Die Vorinstanz hat erwogen, die Verfügung vom 23. September 1999, mit welcher die IV-Stelle der Beschwerdeführerin eine halbe Rente zugesprochen habe, sei nie rechtskräftig geworden. Die Rückforderung der sich nachmalig als unrechtmässig erwiesenen Leistungen bedürfe somit keines Rückkommenstitels. Da es um eine erstmalige Rentenzusprache und nicht um die revisionsweise Aufhebung einer Rente gehe, sei für eine Leistungsanpassung ex tunc auch keine Meldepflichtverletzung nach Art. 77 IVV und Art. 31 Abs. 1 ATSG erforderlich (vgl. Art. 88bis Abs. 2 lit. b IVV). Entscheidend sei, dass die Verfügung vom 23. September 1999 (und die darauf gestützte Ausrichtung von Rentenleistungen) stets unter dem Vorbehalt der rechtskräftigen Bestätigung, allenfalls durch das kantonale Versicherungsgericht oder das Bundesgericht, gestanden habe, welche indessen nicht erfolgt sei. Das Gutachten vom 29. März 2012 sei zwar Grundlage für die nachmalige Leistungsverweigerung gewesen. Indessen habe es noch der Prüfung des Leistungsanspruchs anhand der Expertise bedurft. Erst mit deren Abschluss und Erlass der entsprechenden Verfügung am 25. Juli 2012 habe die relative einjährige Verwirkungsfrist nach Art. 25 Abs. 2 ATSG zu laufen begonnen. Die Rückforderung sei daher rechtzeitig mit Verfügung vom 23. Mai 2013 geltend gemacht worden. 
 
Die Beschwerdeführerin führt gegen die Argumentation der Vorinstanz das Urteil 9C_875/2010 vom 28. März 2011 ins Feld. Nach diesem einen vergleichbaren Sachverhalt betreffenden Entscheid habe die relative einjährige Verwirkungsfrist gemäss Art. 25 Abs. 2 ATSG spätestens mit der Eröffnung des Urteils I 116/01 vom 27. November 2001, für alle danach ausgerichteten Leistungen mit der Auszahlung zu laufen begonnen.
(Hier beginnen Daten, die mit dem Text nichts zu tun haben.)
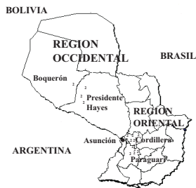
Figura 1. Origen geográfico de los ejemplares de Triatoma infestans empleados en el análisis isoenzimático. Las cruces indican las localidades estudiadas en cada departamento.

De los sistemas estudiados sólo se encontró diferencias entre ambas poblaciones de triatominos en el sistema alfa GDP, en el cual se obtuvieron dos fenotipos: el fenotipo 1 con tres bandas y el fenotipo 2 con una sola (figura 2). El fenotipo 1 de este sistema se observó en el 86,36% de los 44 ejemplares provenientes de la región Oriental y Occidental, en tanto que el fenotipo 2 se observó sólo en el 13,63%, todos pertenecientes al Chaco, tanto en Boquerón como en Presidente Hayes, aunque en mayor proporción en este último (5 de los 12 examinados de ese departamento). En los otros sistemas se obtuvieron los mismos perfiles de bandas en todos los ejemplares, lo que indica una baja variabilidad. En los sistemas MDH e IDH se observaron dos bandas pertenecientes a dos loci separados. En los demás sistemas (PGM, GPI, y 6PGD) se obtuvo una sola banda. Los ejemplares de la región oriental resultaron todos iguales, sin encontrarse diferencias entre poblaciones domiciliarias y peridomiciliarias. Como ya se ha descrito previamente los perfiles de isoenzimas no revelaron diferencias entre hembras y machos.
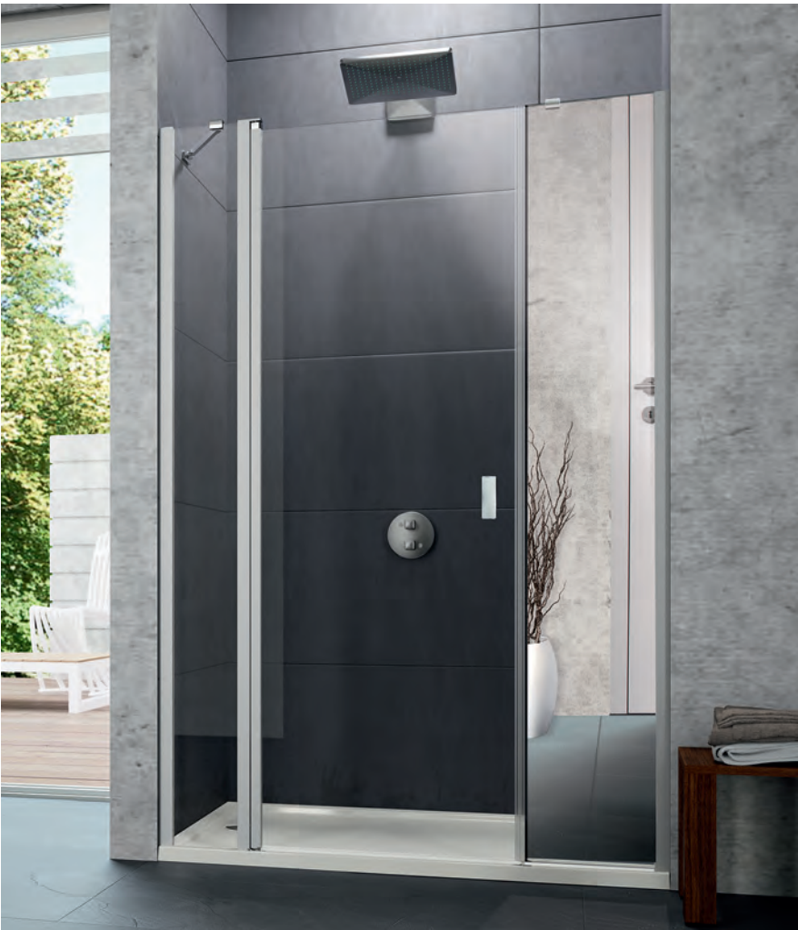
Schwingtür mit festem Segment und Nebenteil in Nische
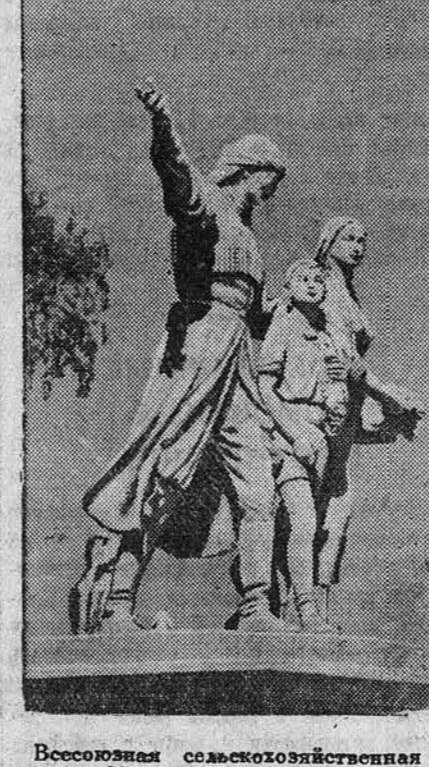
Бессовхозная сельскохозяйственная выставка в Москве. НА СНИМКЕ: скульптурная группа, установленная у павильона Грузинской ССР.

Продаются в неограниченном количестве сеновые бочки из-под живицы.
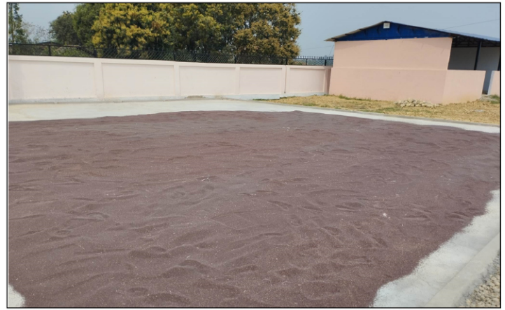
बढैयाताल नगरपालिका वडा नं. ०६, बर्दियामा तोरी प्रवर्द्धन कार्यक्रम
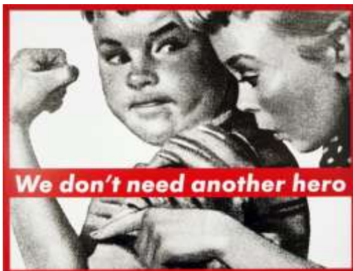
We don't need another hero
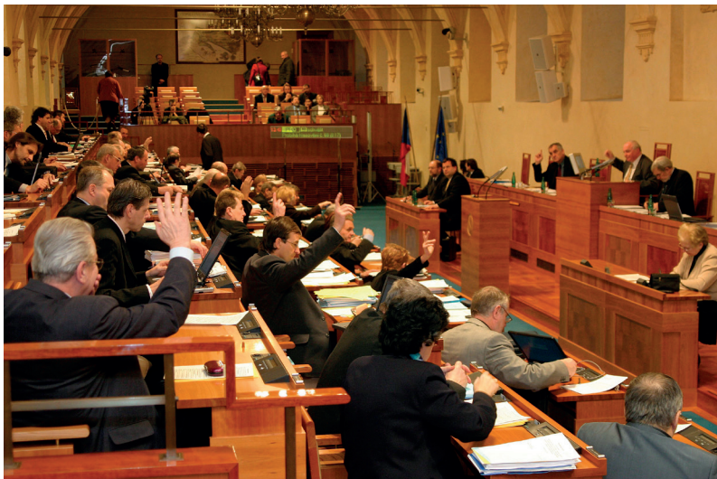
Zasedání Senátu Parlamentu České republiky

Senát má i specifické pravomoci, kterými nedisponuje sněmovna.
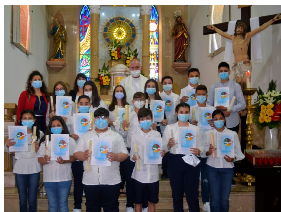
Adolescentes do 7º ano e suas catequistas

mo ano, que não puderam celebrar a Festa da Fé no ano passado devido à pandemia COVID-19.
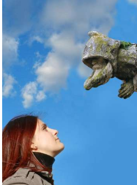
Figura 3. Diálogo directo con la gárgola.
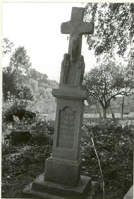
5. Krzyż kamienny z 1903r.
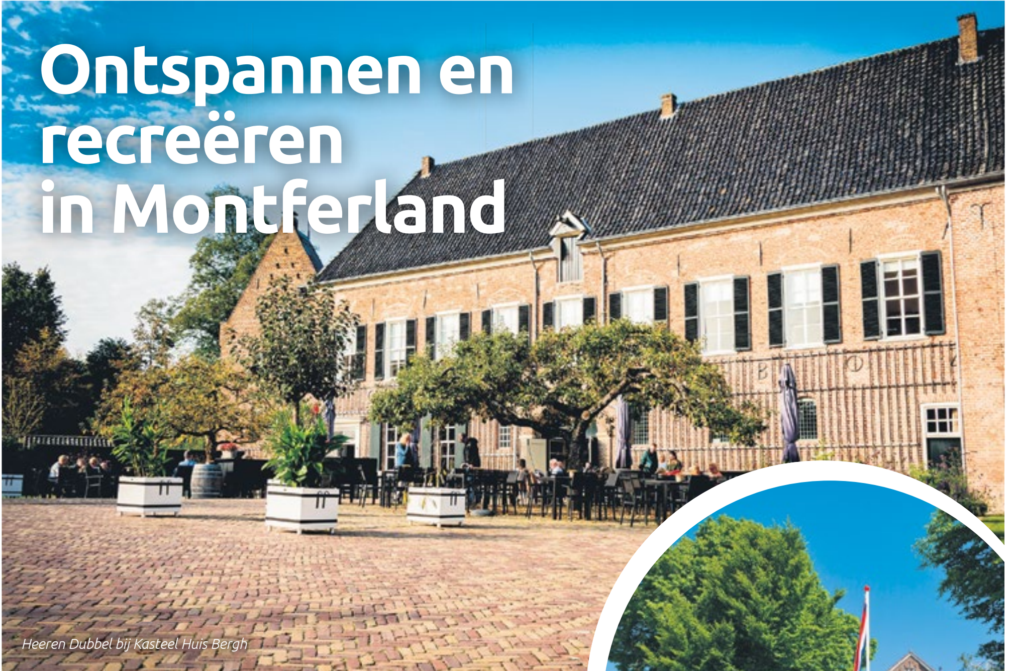
Heeren Dubbel bij Kasteel Huis Bergh

Montferlanders zeggen dat je nergens zo goed kunt ontspannen en recreëren als in Montferland. Daar zit wel een kleine kern van waarheid in, maar Nederland heeft wel meer mooie gebieden waar je heerlijk kunt ontspannen en recreëren. Montferland is echter wel één van de gebieden die je bijzonder mag noemen en waar het meer dan genoeg is om even tot rust te komen. Landelijk gelegen in het oosten van het land, schurend tegen de Achterhoek en het Duitse achterland. Bosrijk en heuvelachtig. Heerlijk watergebied waar het goed toeven is. Sfeervolle overnachtingsmogelijkheden en gezellige terrassen waar bezoekers hartelijk welkom zijn.
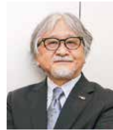
長岡造形大学 学長 馬場 省吾

これら卒業・修了生の研究成果を多くの方々に御覧いただければ幸いです。学生・教職員一同お待ちしております。
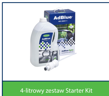
4-litrowy zestaw Starter Kit
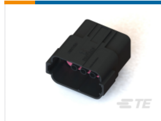
TE 产品编号ZPF000000000136485 RECEPTACLE MALE FOR 12 PINS, CAL1,6
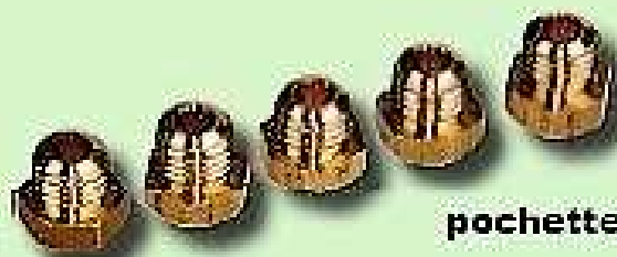
pochette de 5
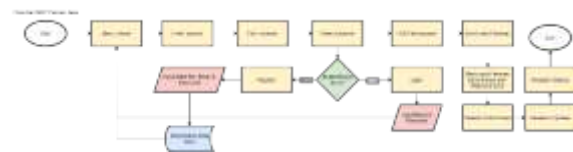
Gambar 2. 3 Flowchart MVP Pencari Jasa

Alur fungsionalitas sistem dalam aplikasi Infineeds tertuang dalam flowchart Minimum Viable Product (MVP) untuk pencari jasa dan penyedia jasa. MVP dalam aplikasi Infineeds yang ditujukan kepada pencari jasa memiliki fitur yang mengakomodir para pencari jasa untuk dapat mendaftar pada aplikasi, melihat daftar layanan, hingga sampai melakukan pemesanan yang dapat dilihat seperti pada gambar berikut.
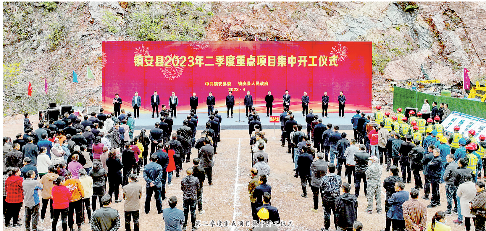
镇安县2023年二季度重点项目集中开工仪式
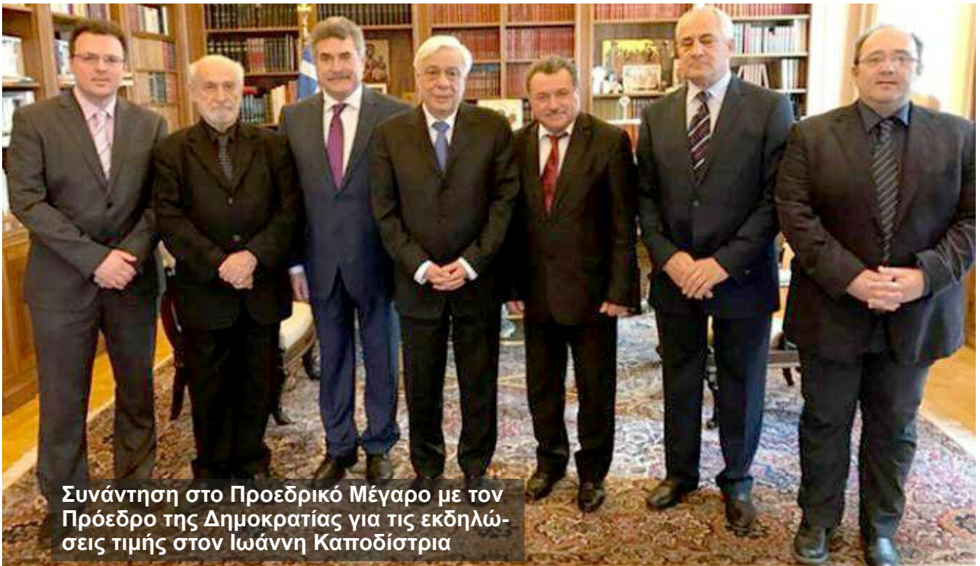
Συνάντηση στο Προεδρικό Μέγαρο με τον Πρόεδρο της Δημοκρατίας για τις εκδηλώσεις τιμής στον Ιωάννη Καποδίστρια
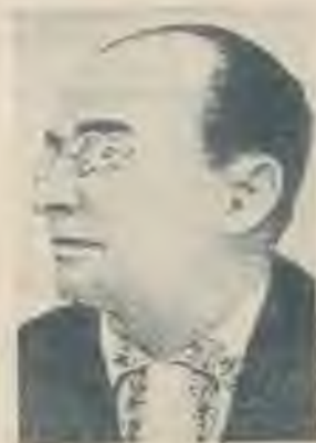
Berija — pēdējais valdnieks slepkavu dinastijā — vēl tagad turpina savu darbu.

Berija centās attaisnot Staļina uzticību. Slepkavu dinastijas pēdējais valdnieks varēja rīkoties vēl plašāk kā viņa priekšgājēji. Viņa rokās bija nodoti jauni miljoni boļševisma jenaidnieku Latvijā, Lietuvā, Igaunijā, Somijā, Polijā un Besarabijā. Šīs zemes viena gada laikā pārdzīvoja šausmas, ko tautas Padomju savienībā cietušas vairāk kā divus gadu desmitus. Tūkstoši latviešu,
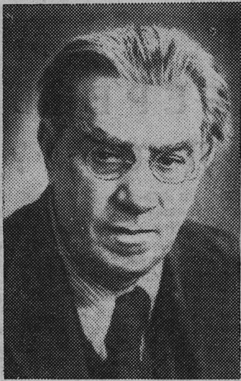
Р. М. ГЛИЗЕР

11 января исполняется 100 лет со дня рождения композитора, общественного деятеля и педагога Рейнольда Мориевича Глизера (1875—1956).
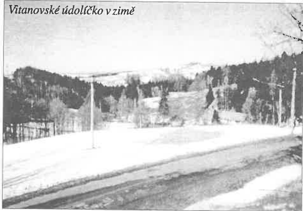
Vitanovské údolíčko v zimě
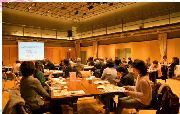
あたたかな雰囲気にもまれて熱心に受講
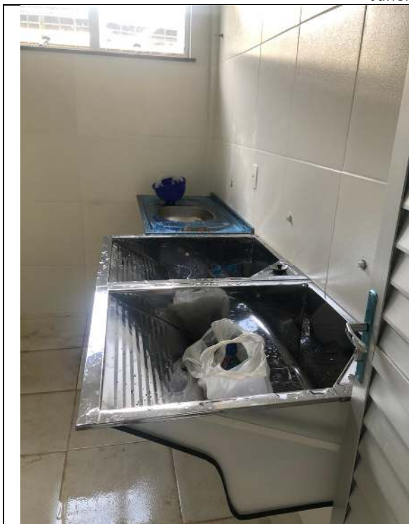
Lavanderia, tanques – Bloco #1
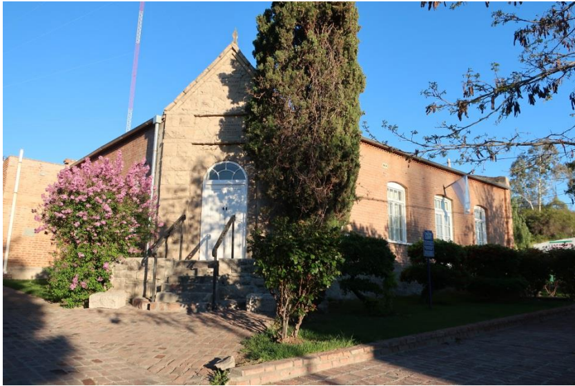
Coleg Camwy, y Gaiman

Sefydlwyd Coleg Camwy fel 'Ysgol Ganolraddol' yn 1906 a hi oedd yr ysgol uwchradd gyntaf yn y Wladfa. Y gred gyffredinol yw mai hi oedd yr ysgol uwchradd Gymraeg gyntaf i'w sefydlu yn y byd.
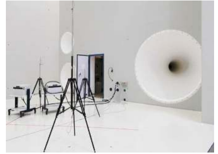
IABG Ottobrunn, Schalltestzelle
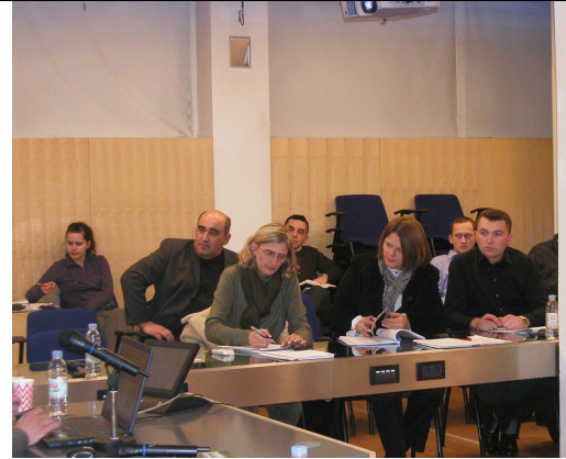
Figure 23, Sudionici na 3.obuci-1.dan
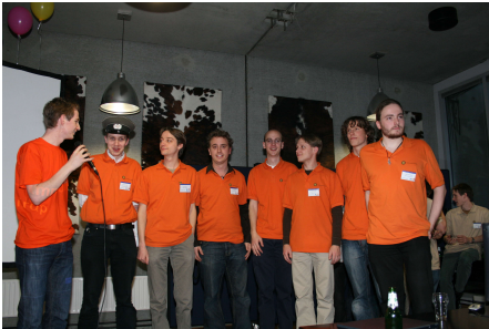
Figuur 1: De commissie van 2008 na een succesvol NWERC

We hadden het geluk dat we een excursie op het programma hadden staan die over een half uur zou beginnen. Door te blijven praten als Brugman was geleidelijk aan inderdaad iedereen vertrokken – de deelnemers hebben er niets van gemerkt. Een team uit Oxford ging uiteindelijk met de hoofdprijs naar huis. In 2008 hebben we een reprise georganiseerd, daarna heeft de universiteit van Bremen het stokje van ons overgenomen.
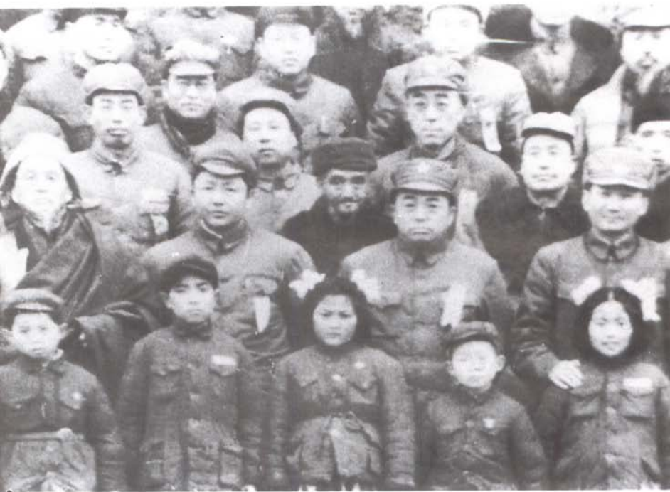
慎之先生在西北军政委员会时与彭德怀等领导同志合影(局部) 二排右起张治中、彭德怀、习仲勋,三排右起第二人为慎之先生
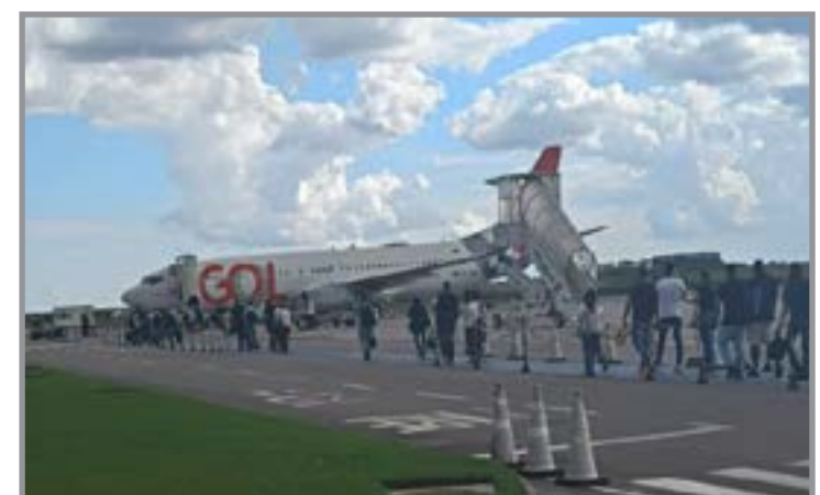
Obra convida crianças e famílias a refletirem sobre sentimentos como frustração
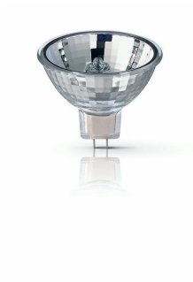
XPPR XHOPDI 0001
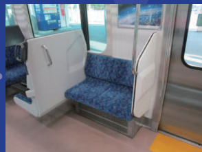
エコノミーロング占有 テーブルなし・定員2名
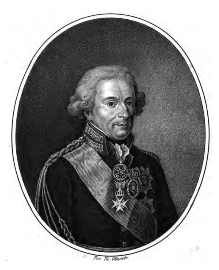
Tingzo Nukaraŭ Ubanoburo
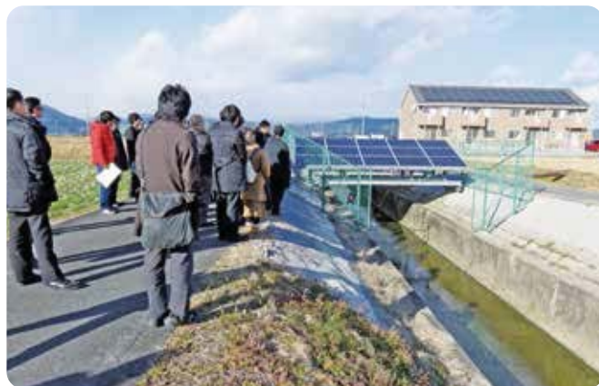
本郷地区太陽光発電所

この研修会は、土地改良施設の適切な維持管理と適正化事業の円滑な推進を図ることを目的に毎年実施しているもので、参加者は、市町村・水土里ネットの職員42名。
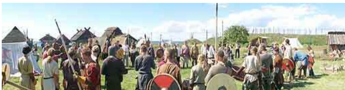
Vikingakämpare på träningsläger i Foteviken 2001 (Fotevikens Museums hemsida).

Fotevikens byalag ordnar varje år en träningshelg för vikingakämpare där bågskytte och fighting tränas. Fotevikens Museum har vikingakamp som en programpunkt under deras sommarmarknad där re-enactors visar olika stridstekniker som kan ha använts under vikingatiden (Fotevikens Museums hemsida).
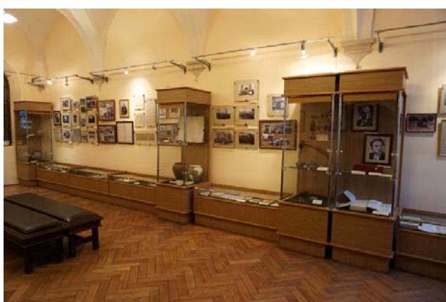
Рис. 2. Експозиція виставки Fig. 2. Exposition of the exhibition

Доля вченого пов'язана з Львівським історичним музеєм. Він був першим директором цієї інституції у лютому–червні 1940 р. Не дивно, що ми створюємо присвячені йому виставки.
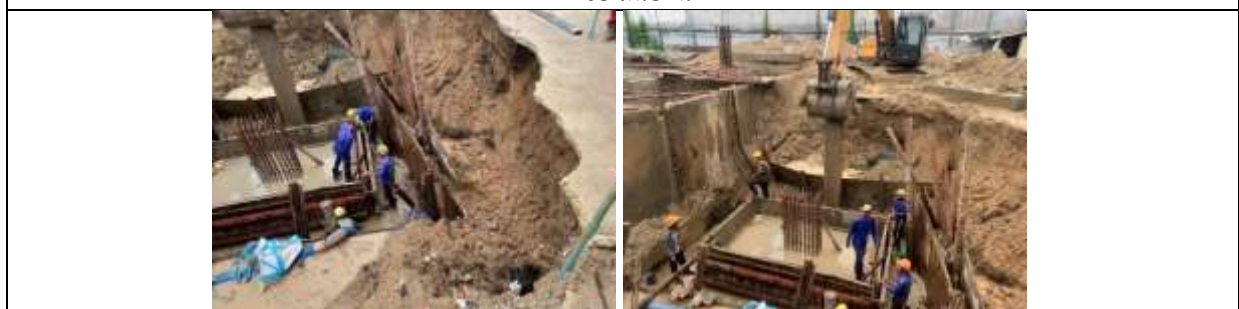
รูปที่ ผ7.5 แผ่นเหล็กค้ำยัน
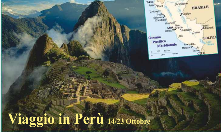
PERÙ Machu Picchu
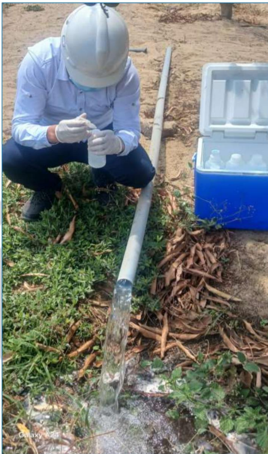
Fotografía 09 : Muestreo De Agua Para Ensayos.
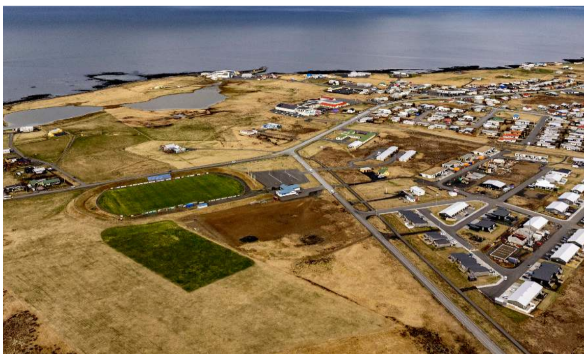
Að ofan: Ljagrænn knattspyrnuvöllurinn í Sandgerði síðasta sumar.
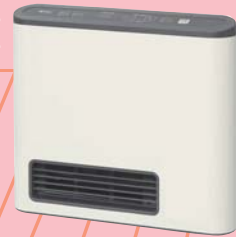
ガスファンヒーター

ガスファンヒーターはパワフルなのに消費電力はわずか20W。 電気エアコンの暖房運転に比べ、大幅な節電ができます。

Bei Erlass der Verfügung vom 23. Mai 2013 sei daher der Rückforderungsanspruch der Beschwerdegegnerin in Bezug auf alle bis März 2012 erbrachten Leistungen verwirkt gewesen. 
 
 
4.   
 
4.1. Im Fall 9C_875/2010 hatte die IV-Stelle einem Versicherten ab 1. Mai 2001 eine Viertelsrente der Invalidenversicherung samt Zusatzrente für die Ehefrau und zwei Kinderrenten zugesprochen (Verfügung vom 24. Juni 2005 und Einspracheentscheid vom 7. August 2006). Auf Beschwerde hin hob das kantonale Versicherungsgericht diesen Verwaltungsakt auf und wies die Sache zu weiteren Abklärungen an die IV-Stelle zurück (Entscheid vom 2. Mai 2007). Nachdem der Versicherte begutachtet worden war, verneinte die IV-Stelle einen Rentenanspruch (Verfügung vom 17. März 2010), was vom kantonalen Versicherungsgericht bestätigt wurde (Entscheid vom 21. September 2010).  
 
Die IV-Stelle hatte entsprechend der Verfügung vom 24. Juni 2005 bis Oktober 2009 Leistungen erbracht, bis Ende März 2007 der Sozialhilfebehörde, welche den Versicherten und dessen Familie unterstützt hatte. Von dieser forderte sie mit Verfügung vom 10. November 2009 Fr. 15'610.- zurück. Das kantonale Versicherungsgericht bejahte eine Rückerstattungspflicht in der Höhe von Fr. 15'154.- (Entscheid vom 21. September 2010). Dagegen wehrte sich die Sozialhilfebehörde mit Beschwerde in öffentlich-rechtlichen Angelegenheiten. 
 
Das Bundesgericht führte in E. 4.2.2 seines Urteils 9C_875/2010 vom 28. März 2011 aus, es sei davon auszugehen, dass Leistungen nur ausgerichtet werden dürfen, wenn es hiefür eine Grundlage im Gesetz gibt, der Anspruch als solcher und in masslicher Hinsicht im dafür vorgesehenen Verfahren festgestellt wurde (vgl. betreffend Renten der Invalidenversicherung Art. 49 und 51 ATSG sowie Art. 58 IVG und Art. 74ter lit. f IVV) und wenn der leistungszusprechende Entscheid (Verfügung, Einsprache- oder Gerichtsentscheid) in Rechtskraft erwachsen ist. Hier sei der erste Fehler bereits mit der erstmaligen Rentenauszahlung gestützt auf die - in keinem Zeitpunkt rechtsbeständig gewordene - Verfügung vom 24. Juni 2005 bzw. den (angefochtenen) Einspracheentscheid vom 7. August 2006 passiert. Aufgrund des diesen Verwaltungsakt aufhebenden vorinstanzlichen Entscheids vom 2. Mai 2007 hätte die IV-Stelle bei der gebotenen und zumutbaren Aufmerksamkeit ohne weiteres erkennen können und müssen, dass die bisherigen Leistungen unrechtmässig erfolgt waren. Die relative einjährige Verwirkungsfrist nach Art. 25 Abs. 2 Satz 1 ATSG hatte somit mit der Eröffnung dieses Entscheids zu laufen begonnen, weshalb bei Erlass der Verfügung vom 10. November 2009 der Rückforderungsanspruch verwirkt war (vgl. auch Urteil 9C_877/2010 vom 28. März 2011, womit letztinstanzlich die von der IV-Stelle am 16. November 2009 gegenüber dem Versicherten verfügte, erstinstanzlich bestätigte Rückforderung über Fr. 12'474.- aufgehoben wurde).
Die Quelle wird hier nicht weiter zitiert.